TASK GOAL: Give back, word for word, the lines in the listing below from the one holding "Der Spielplan zeigt" down to the one holding "Прес-служба Шевченківського районного", both ends included.

SUPPLIED DATA:
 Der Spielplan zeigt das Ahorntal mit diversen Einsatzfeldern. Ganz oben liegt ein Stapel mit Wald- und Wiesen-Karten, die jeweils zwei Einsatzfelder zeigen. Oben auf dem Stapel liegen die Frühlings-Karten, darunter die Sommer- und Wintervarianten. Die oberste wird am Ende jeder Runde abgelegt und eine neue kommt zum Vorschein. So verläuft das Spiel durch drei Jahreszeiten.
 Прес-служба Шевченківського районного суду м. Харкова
* * *
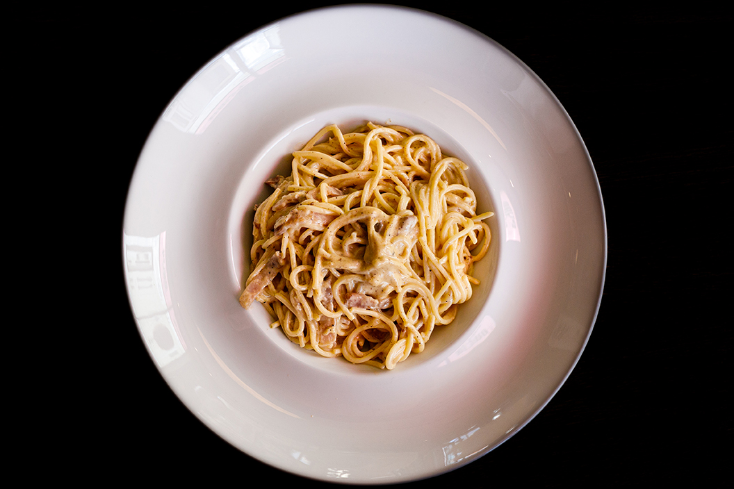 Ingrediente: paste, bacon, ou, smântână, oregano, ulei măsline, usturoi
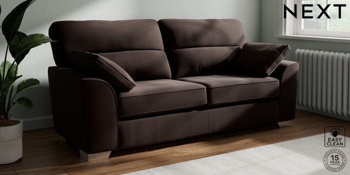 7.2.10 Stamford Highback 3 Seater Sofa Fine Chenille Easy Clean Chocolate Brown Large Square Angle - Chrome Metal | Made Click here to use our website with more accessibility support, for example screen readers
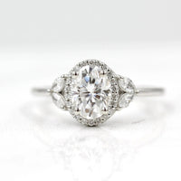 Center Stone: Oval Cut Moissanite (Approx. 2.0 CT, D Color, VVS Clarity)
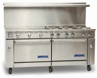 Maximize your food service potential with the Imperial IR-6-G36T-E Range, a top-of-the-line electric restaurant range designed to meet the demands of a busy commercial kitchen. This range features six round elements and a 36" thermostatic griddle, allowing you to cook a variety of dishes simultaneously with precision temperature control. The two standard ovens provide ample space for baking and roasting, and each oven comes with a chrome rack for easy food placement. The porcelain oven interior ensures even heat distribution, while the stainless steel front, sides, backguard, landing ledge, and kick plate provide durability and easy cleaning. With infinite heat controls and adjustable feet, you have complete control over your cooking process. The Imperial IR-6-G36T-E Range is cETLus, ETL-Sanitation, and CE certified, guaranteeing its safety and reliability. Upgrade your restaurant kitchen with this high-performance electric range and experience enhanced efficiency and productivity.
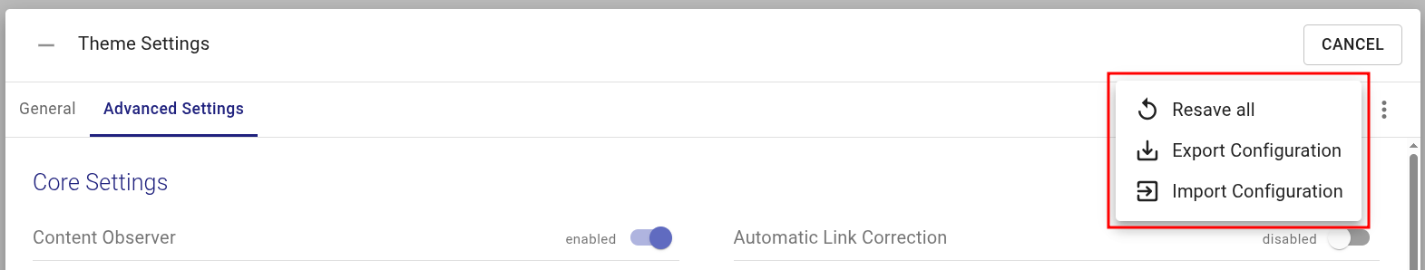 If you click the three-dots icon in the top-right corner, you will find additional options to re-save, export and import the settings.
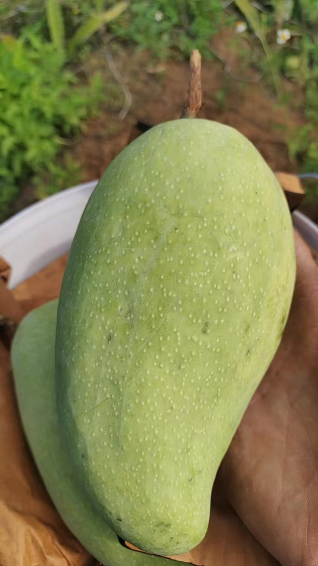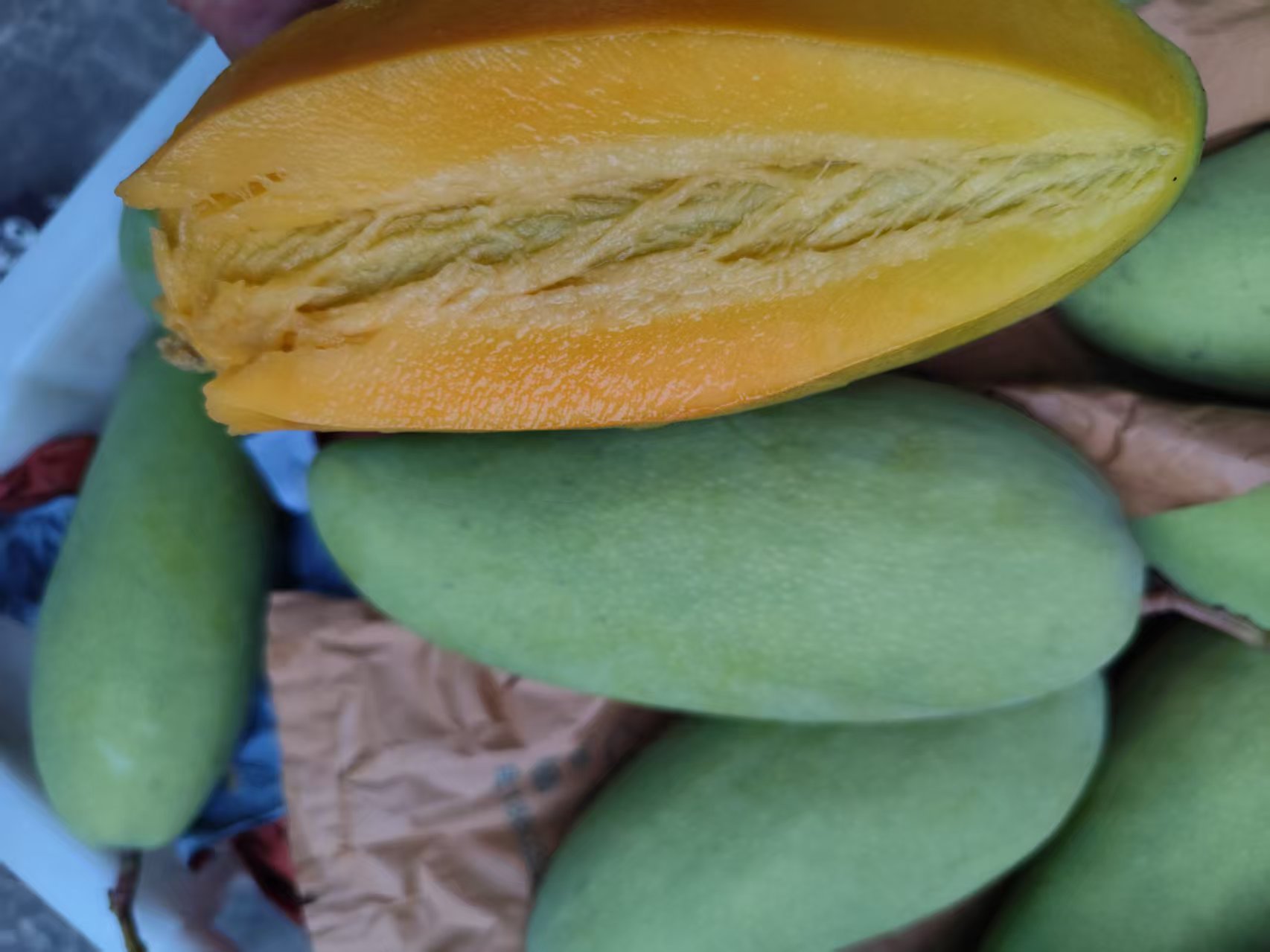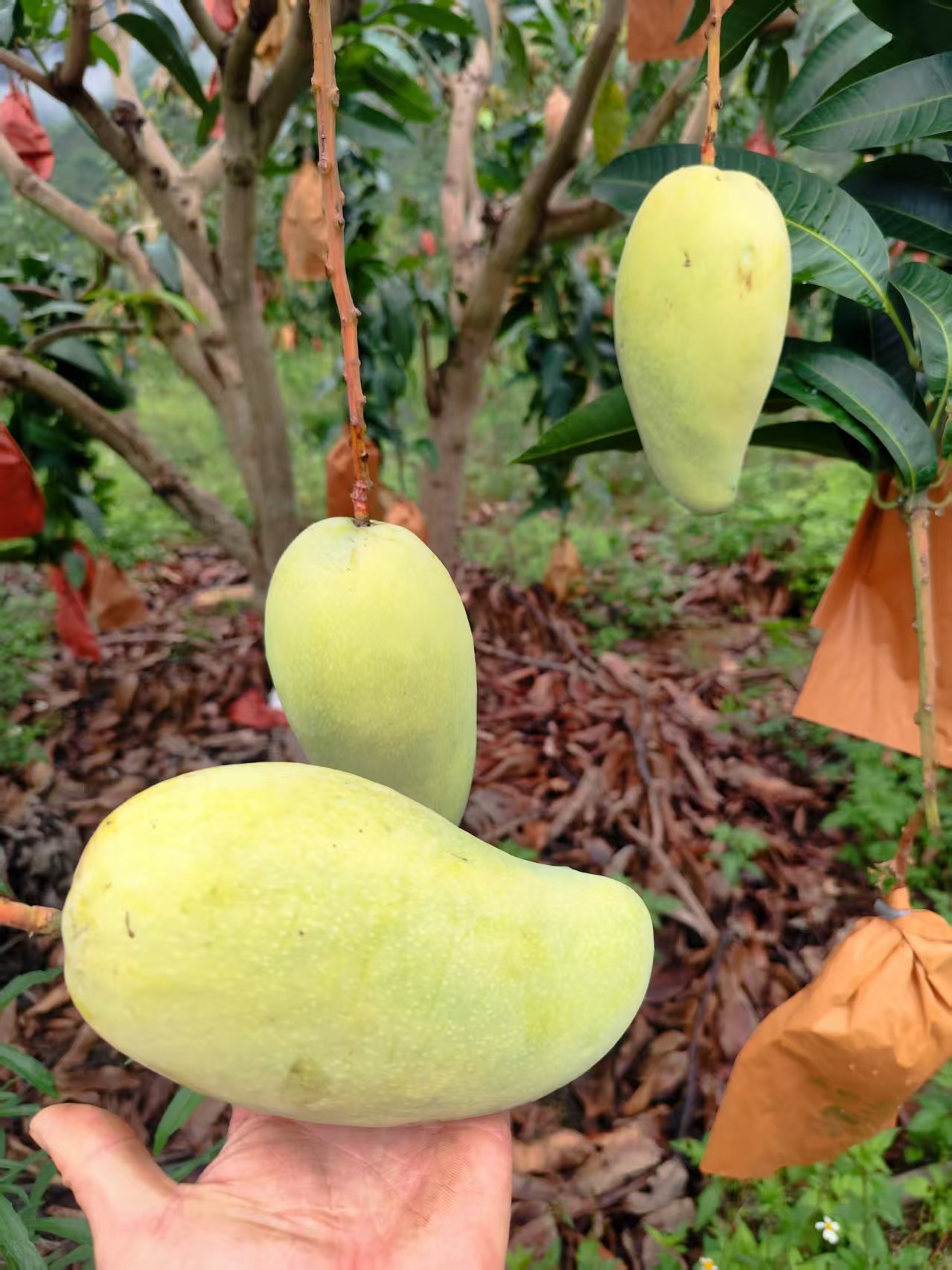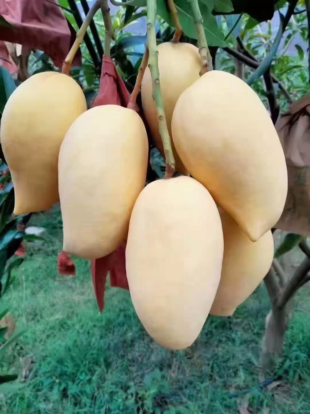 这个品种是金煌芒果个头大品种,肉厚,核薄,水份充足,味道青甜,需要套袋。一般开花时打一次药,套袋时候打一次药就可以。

RESULT FOR THIS TASK:
 Der Spielplan zeigt das Ahorntal mit diversen Einsatzfeldern. Ganz oben liegt ein Stapel mit Wald- und Wiesen-Karten, die jeweils zwei Einsatzfelder zeigen. Oben auf dem Stapel liegen die Frühlings-Karten, darunter die Sommer- und Wintervarianten. Die oberste wird am Ende jeder Runde abgelegt und eine neue kommt zum Vorschein. So verläuft das Spiel durch drei Jahreszeiten.
 Прес-служба Шевченківського районного суду м. Харкова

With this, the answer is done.